Print a summary and save the encoder network structure to "./encoder.pdf"

In [16]:
from IPython.display import SVG
from keras.utils.vis_utils import model_to_dot, plot_model

SVG(model_to_dot(encoder_model, show_shapes=False).create(prog='dot', format='svg'))

plot_model(
    model=encoder_model, show_shapes=False,
    to_file='encoder.pdf'
)

encoder_model.summary()

Model: "encoder"
__________________________________________________________________________________________________
Layer (type)                    Output Shape         Param #     Connected to                     
encoder_inputs (InputLayer)     (None, None, 28)     0                                            
__________________________________________________________________________________________________
bidirectional_1 (Bidirectional) (None, None, 768)    1268736     encoder_inputs[0][0]             
__________________________________________________________________________________________________
bidirectional_2 (Bidirectional) [(None, 768), (None, 3542016     bidirectional_1[0][0]            
__________________________________________________________________________________________________
concatenate_1 (Concatenate)     (None, 768)          0           bidirectional_2[0][1]            
                                                                 bidirectional_2[0][3]      

### 3.2. Decoder network

- Inputs:  

    -- one-hot encode of the target language
    
    -- The initial hidden state $h_t$ 
    
    -- The initial conveyor belt $c_t$ 

- Return: 

    -- output (all the hidden states) $h_1, \cdots , h_t$

    -- the final hidden state  $h_t$ (discarded in the training and used in the prediction)
    
    -- the final conveyor belt $c_t$ (discarded in the training and used in the prediction)

In [18]:
from keras.layers import Input, LSTM, Dense
from keras.models import Model

# inputs of the decoder network
decoder_input_h = Input(shape=(latent_dim*2,), name='decoder_input_h')#we ad *2 because we made the encoder bidirectional
decoder_input_c = Input(shape=(latent_dim*2,), name='decoder_input_c')
decoder_input_x = Input(shape=(None, num_decoder_tokens), name='decoder_input_x')

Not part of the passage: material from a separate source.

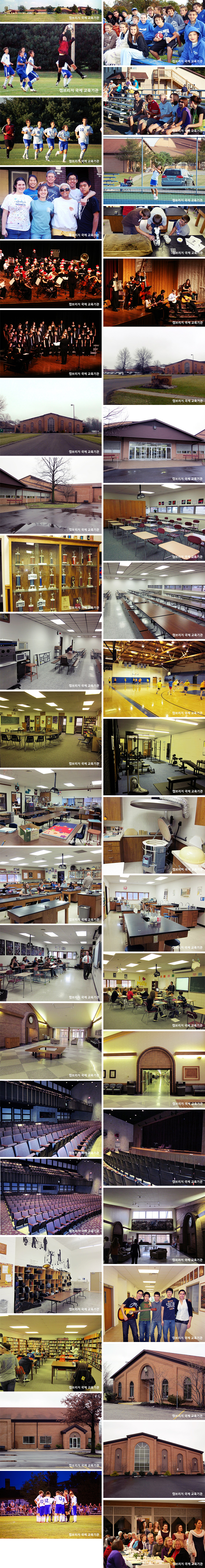 | 학교소개 | Central Christian School은 Kidron에 위치하고 있습니다. 이곳은 여러 주요도시와 오하이오 관광지 등에 이동이 편리한 곳에 위치해있습니다. 학업 프로그램으로는 3개의 AP 과목, 3개의 Dual Enrollment 과목을 제공합니다. Dual Enrollment의 경우 근처 Bluffton University와 함께 대학과정을 제공합니다. 이 수업은 23시간이 가능하며 크레딧 한 시간당 $75 입니다. 수업은 캠퍼스에서 진행됩니다. Technology Students Association으로 60개 이상의 STEM (과학, 기술, 공학, 수학)을 기준으로 하는 대회에 참여할 수 있고, 관련된 리더십 활동과 더 높은 공학 수업을 준비할 수 있도록 돕습니다. 그리고 학생들은 겨울 방학이 끝난 후 해양생물 (Florida Keys), 사진, 정부 활동 및 목공 등 특별 수업을 들을 수 있습니다. 특별 활동으로는 6개의 클럽, 특별활동, 7개의 스포츠 활동에 참여할 수 있습니다. Central Christian School의 학생의 90% 이상은 음악 프로그램에 참여합니다. 이는 두 고등학교 합창단, 대표팀 가수, 오케스트라, 재즈 밴드, Heartland Strings 및 여러 그룹이 있습니다. 대부분의 악기와 성악 개인 레슨은 캠퍼스 내에서 진행됩니다. 모든 초등학교, 중학교 그리고 9학년 학생들은 합창단에 참여해야 합니다. 음악 학과는 오하이오 주에서 우수한 것으로 알려져있고, 미국, 캐나다, 푸에르토리카에 있는 15개의 학교가 함께하는 뮤직 페스티벌에 매년 참가하고 있습니다. SAT 평균점수는 1716점, 상위 30%는 2160점 입니다. 졸업생이 진학한 대학은 다음과 같습니다. University of Virginia, Boston University, Berkeley College of music, Texas Christian University, The Ohio State University-Agricultural Technical Institute, The Ohio State University-Mansfield, University of Cincinnati, Kent State University. |

encoder_state = [decoder_input_h,decoder_input_c]

# set the LSTM layer
decoder_lstm1_layer = LSTM(latent_dim*2, return_sequences=True, 
                                    return_state=True, dropout=0.25, name='decoder_lstm1')
decoder_lstm1_layer_output, state_hd1,state_cd1= decoder_lstm1_layer(decoder_input_x, initial_state=encoder_state)


#decoder_lstm2_layer = LSTM(latent_dim*2,return_sequences=True,  
#                                    return_state=True, dropout=0.25, name='decoder_lstm2')
#decoder_lstm2_layer_output, state_hd2,state_cd2 = decoder_lstm2_layer(decoder_lstm1_layer_output)
                                                #May need to set initial state 

#Skip_A_Few = Concatenate()([decoder_lstm2_layer_output, decoder_input_x])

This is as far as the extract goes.